Turns out I may have been prematurely optimistic in writing my last post about getting past the threat of a miscarriage and being able to enjoy this pregnancy.
Less than 24 hours after I wrote about how happy I was, everything came crashing down all at once. First of all, Will got kicked out of daycare. I won’t go into detail too much right now because that’s going to be a separate post all its own. But the bottom line is its for bullshit reasons and now we have to scramble to find a suitable/affordable daycare for Will in the next few days. No easy task and very stressful. It also doesn’t help that I’m sick as a dog right now.
But adding to that stress is we got a call from the diagnostic company that did MJ’s ultrasound on Wednesday. The doctor wants us back in this morning because he’s worried about a potential problem with the baby’s legs. Specifically they didn’t separate the entire time we were having the ultrasound done.
Look, I know what you’re going to say and I know you’re right. It’s probably nothing. Moms everywhere have told me they were dragged back to hospitals 2, 3 and even 4 times for possible problems and genetic defects from ultrasounds which turned out to be nothing. And later on this morning, I fully expect to be breathing a huge sigh of relief when we find out everything is OK.
But in the meantime, I’m human. And I can’t help but wonder, what if?
What if there’s something very wrong with this baby? Down’s Syndrome, Cerebral Palsy, Cystic Fibrosis, or Sirenomelia (aka Mermaid Syndrome) where a newborn’s legs are fused together. Can you tell I took straight to Google after the doctor’s call? And yes, I’m jumping the gun here. But that’s not the point.
Every expectant parents has, at some point, wondered what would happen if their kid was born with some kind of defect. Hypothetically, let’s say we find out something is seriously wrong with this baby. And whatever it is he/she will be special needs. That baby will require a lifetime of special attention. Doctors visits, expensive medical procedures, specialized daycares and special schools. I’ve seen the amount of dedication, love and effort the parents of special needs kids put forth and it is EXTRAORDINARY. It’s also tough. Dealing with bureaucrats at all levels of government, advocating for your kid at every turn and being a professional squeaky wheel. If you need evidence of how unbelievable these parents are, just click on over to Tanis at the Redneck Mommy who is an absolutely amazing example of this.
But I’m not sure I’m that good of a person.
Seriously. The thought of having a special needs child terrifies me. In part because I can’t imagine what that child will go through over the years, but also because I can’t imagine that kind of lifelong struggle as a parent. I don’t think I’m emotionally prepared for that, and I’m definitely not financially ready for that kind of undertaking. So if something was really, really wrong, what would happen? Obviously MJ and I would need to talk, but terminating the pregnancy would be an option on the table. Which is terrifying in and of itself.

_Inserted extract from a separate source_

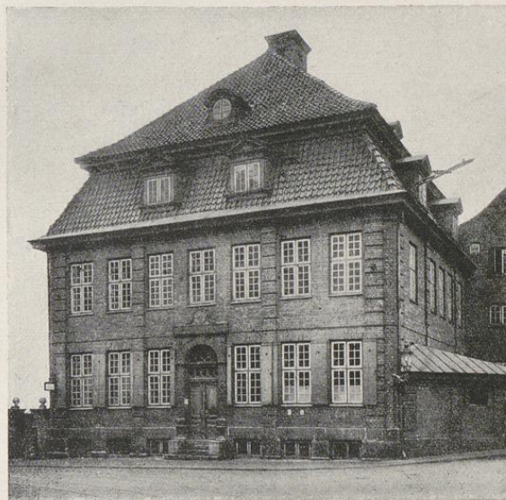
Das Schwefelhaus, erbaut von Sonnin. Stand im Zuge der heutigen Holstenstraße, bei deren Durchbau es bedauerlicherweise abgebrochen wurde.

alliance am 7. Juli 1815. Die Dänen schürten, zwar sehr gegen ihren Willen, diese Stimmung durch schikanöse Sprachenverordnungen und erreichten damit endlich doch das Gegenteil von dem, was sie eigentlich anstrebten, Holstein dänisch zu machen. Die Stimmung des ersten Menschenalters nach 1773 hatte sich gründlich geändert. Dazu begann seit etwa 1815 ein neuer Begriff die Gemüter zu erregen, ein Begriff, der mehreren Jahrzehnten den Stempel aufgedrückt hat, das Wort „Verfassung“. Für sie kämpften die 1815 begründeten Kieler Blätter von Falck, Dahlmann u. a., deren Erscheinen eine politische Tat war. Noch mehr wurde seit dem Auftreten Lornsens die Verfassungsfrage das politische Hauptthema in Holstein, und nirgends wurde dieses Thema leidenschaftlicher behandelt als in Kiel. In den politisch bewegtesten Zeiten der neueren Geschichte Schleswig-Holsteins, von den 30er bis in die 60er Jahre des verflorenen Jahrhunderts, war Kiel der eigentliche Mittelpunkt allen politischen Lebens, und die besten Köpfe der Universität Kiel waren

But then I think back to an event I covered last week at a school devoted to helping students with disabilities of all kinds. As a reporter I blended into the background and did my job, which is to observe. I saw these kids, happy as can be, in caps and gowns ready to earn diplomas. Some of them graduating from the modified high school, others from a program that gets older kids ready to lead a semi-independent life in the outside world. And then I saw their parents. Specifically I focused on one family gathered near the aisle preparing to watch their son walk to the graduation stage. They were obviously divorced because the mom had a guy and the dad had a woman. They were both welling up with tears. And then the dad glanced at his ex-wife with tears and a smile. He walked over to her and gave her this HUGE hug. She hugged him back and looked at him. They never said a word. They didn’t have to. I could see how long and hard a road it was to this day. Who knows, it may have even played into their divorce. But regardless, the pride and utter joy they were feeling at that particular moment was transcendent. Pure. And tangible. A mega payoff at the end of a seemingly endless journey.
I’ll admit, it moved me. And I thought about my unborn baby and what would happen if I was in a similar boat. And this made me think maybe I could do it.
Until I saw that tuition for this school is $68,000 a year.
Again, I know we’re not there yet and probably won’t be. But something like this makes you think and I barely slept last night. MJ is a wreck too. I’m just hoping as hard as possible that nothing is wrong, because while I don’t think I’m strong enough to be the parent of a special needs child, I may not be capable of making the other almost unthinkable decision either.
In the meantime I’m letting MJ drink some caffeine this morning so hopefully we can jolt the kid into moving around and get those legs separated. Now is no time to be proper kiddo.